35(1)This paragraph applies in relation to assets of an insurance company carrying on life assurance business which were assets of the shareholder fund of the company for the period of account ending immediately before 1 January 2013.U.K.
(2)Those assets are, in relation to times on or after that date, to be regarded for the purposes of this Part as assets forming part of the long-term business fixed capital of the company (whether or not they would otherwise be so regarded).
(3)An asset is an “asset of the shareholder fund of an insurance company for the period of account ending immediately before 1 January 2013” if it is shown in any of lines 11 to 102 of Form 13 in the company's periodical return ending immediately before that date in respect of assets other than those of its long-term business.
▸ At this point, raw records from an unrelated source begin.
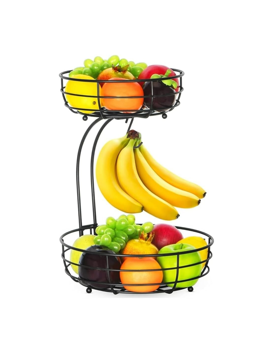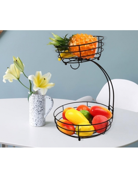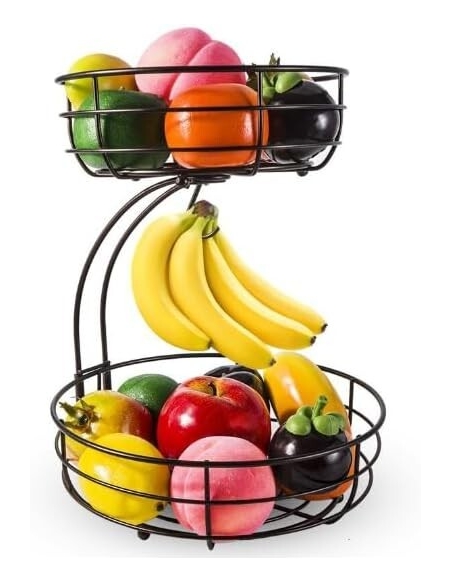 Cesto di frutta a due strati, banane, fragole, mele, pere, pesche.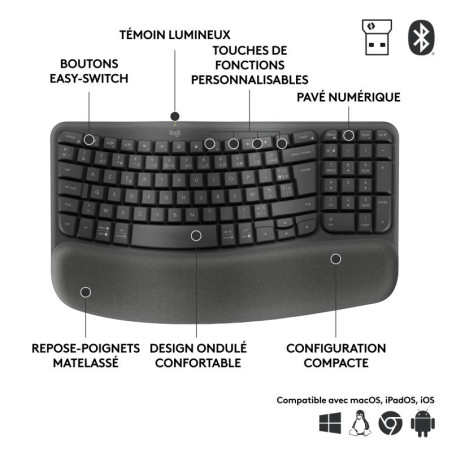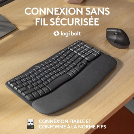 | Contenu de l'emballage | Clavier ergonomique 2pilesAAA Récepteur USB-A Logi Bolt Documentation utilisateur |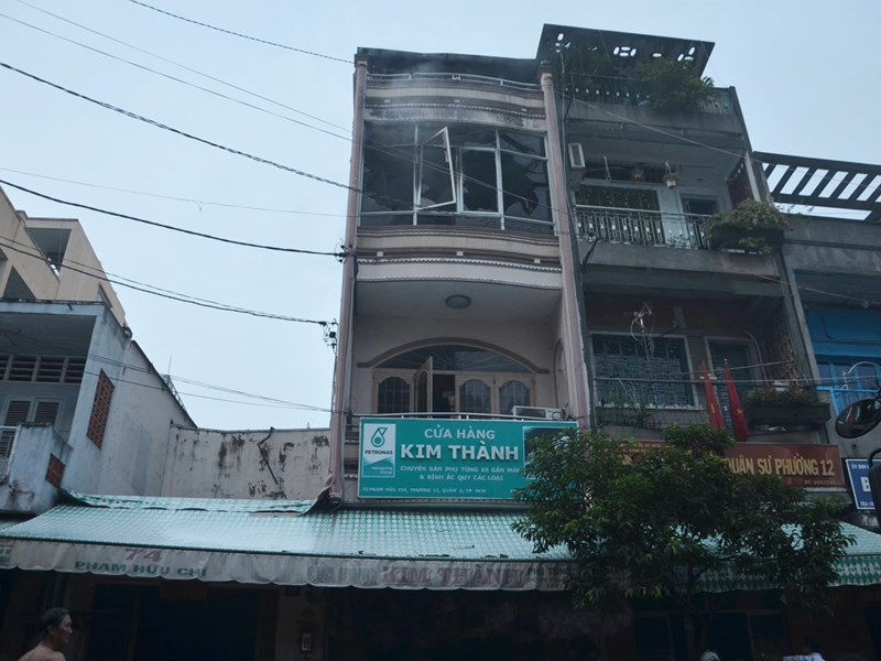 Khói lửa bùng phát từ ngôi nhà đồng thời là cửa hàng kinh doanh phụ tùng xe máy trên đường Phạm Hữu Chí, quận 5

(4)But an asset is not to be regarded as an asset of the shareholder fund for that period of account if for any accounting period ending before 1 January 2013—
(a)income arising from the asset was, or chargeable gains or allowable losses accruing on any part disposal of the asset for the purposes of TCGA 1992 were, taken into account for the purposes of the charge to corporation tax on the I minus E basis, or
(b)income arising from the asset was taken into account in calculating the profits of the company in respect of its life assurance business in accordance with the provisions applicable for the purposes of the taxation of such profits under section 35 of CTA 2009 (charge on trade profits).